Treg/Th1/Th2/Th17 polarization and suppression assays
For in vitro polarization of Treg cells, naïve CD4+CD62-L+ cells were purified by MACS from splenocytes and stimulated with 1.6 μg/ml soluble anti-CD28 and plate-bound anti-CD3ϵ in the presence of 5 ng/ml TGFβ, 10 μg/ml anti-IL-4 and 10 μg/ml anti-IFNγ for 3 d. Cells were fixed in 4% paraformaldehyde/PBS prior to surface staining and flow cytometry analyses with standard protocols. Th1 (5 ng/ml IL-2, 10 ng/ml IL-12 and 10 μg/ml anti-IL-4), Th2 (10 ng/ml IL-2, 4 ng/ml IL-4, 10 μg/ml anti-IFNγ and 10 μg/ml anti-IL-12) and Th17 (30 ng/ml IL-6, 1 ng/ml TGFβ, 10 μg/ml anti-IFNγ and 10 μg/ml anti-IL-4) cells were polarized and assessed similarly. For Treg suppression assays, CD4 T cells were enriched from pooled spleen and LN cells by MACS. CD4+Foxp3-GFP+ Treg cells were then purified from these cells by sorting. Irradiated APC were prepared from C57Bl/6 splenocytes following red blood cell lysis and 200 Gray irradiation. WT responder T cells were prepared from pooled spleen and LN cells from CD90.1 congenic mice by MACS, and were loaded with CFSE. Cell culture was set up in 96-well U-bottomed plates with 1 μg/ml soluble-anti-CD3ϵ at a final volume of 200 μl, and contained 5 × 104 WT responder cells, 2 × 105 irradiated APC, and titrating number of Treg cells to obtain 1:1 to 16:1 ratio of responder : Treg cells. The proliferation of WT responder T cells were assessed on d 3 by flow cytometry; division index was calculated using the FlowJo software (see Additional file1: Figure S2D for more detail).

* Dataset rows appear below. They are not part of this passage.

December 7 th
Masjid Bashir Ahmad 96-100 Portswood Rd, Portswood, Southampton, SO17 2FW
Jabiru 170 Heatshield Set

When applicable, data were plotted as mean ± SEM with the p-values calculated using unpaired two-tailed Student’s t-test.

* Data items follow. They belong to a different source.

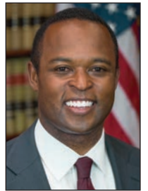
ATTORNEY GENERAL DANIEL CAMERON

Mr. Cameron is the 51st Attorney General for the Commonwealth of Kentucky. He is the first African American independently elected to statewide office in Kentucky's history and the first Republican elected to the Attorney General's office since 1948. Prior to his election as Attorney General, Cameron practiced law in Frost Brown Todd's Louisville office.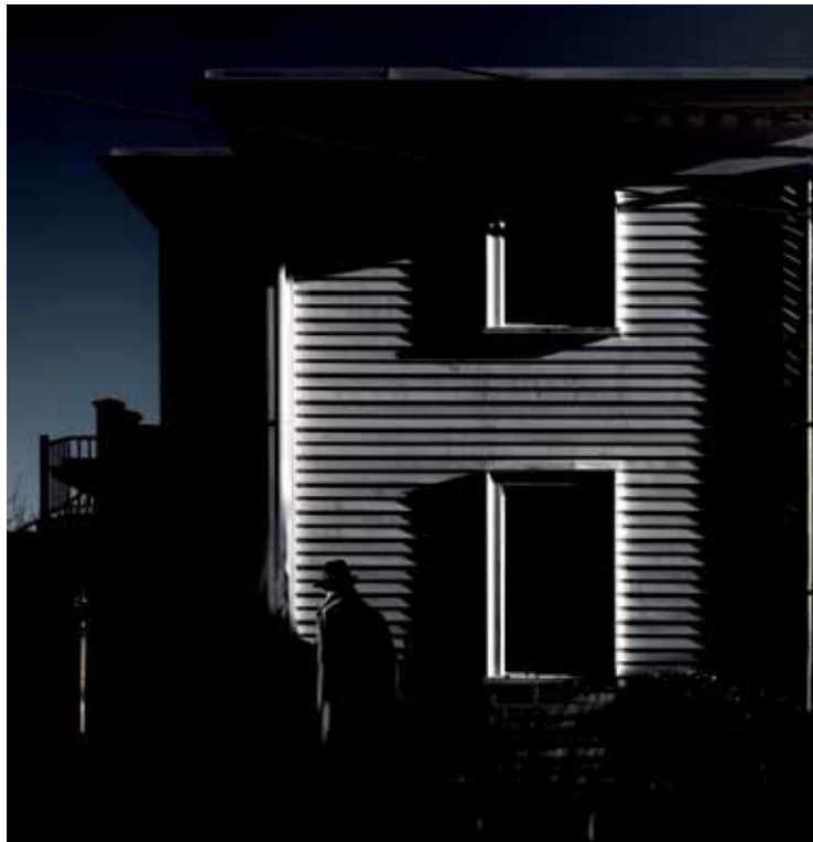
WELLFLEET SHADOWS, 2019 Archival pigment print 15 x 14" FF123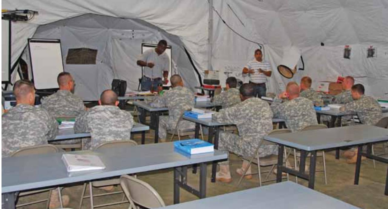
Students use a trailer-mounted support system tent as a classroom during their CPS TOC training. They learn extensive electrical theories and safety before engaging in the hands-on portion of the training.

Ayer to create a power training course for an infantry brigade combat team (IBCT) CPS tactical operations center (TOC), which would be taught by CECOM IT-FSB power production instructors.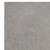
Cinza 24"x24" R PO - I67180030 UP - I67180026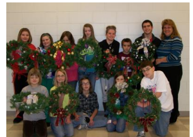
“Make & Take” workshop participants create holiday wreaths; learn design elements & art principles; and complete an exhibit for 2011 County Fair!

IOWA STATE UNIVERSITY University Extension

Availability of supporting data
Gating strategies of flow cytometry analyses and additional data are available as online supplemental materials in Additional file1.

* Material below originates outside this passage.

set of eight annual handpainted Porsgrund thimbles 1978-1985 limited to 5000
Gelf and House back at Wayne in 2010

CD4cre, CD4 promoter-driven Cre recombinase transgene CD4SP, CD4 single-positive; DSS, dextran sulfate sodium; E, number of independent experiment; IBD, inflammatory bowel disease; IEL, intra-epithelial lymphocyte; KLH, keyhole limpet hemocyanin; Lckcre, Lck proximal promoter-driven Cre recombinase transgene; LPL, lamina propria lymphocyte; LN, lymph node; MACS, magnetic-assisted cell sorting; MLN, mesenteric lymph node; NHRI, National Health Research Institutes; PP4, protein phosphatase 4; qPCR, quantitative PCR; Treg, regulatory T.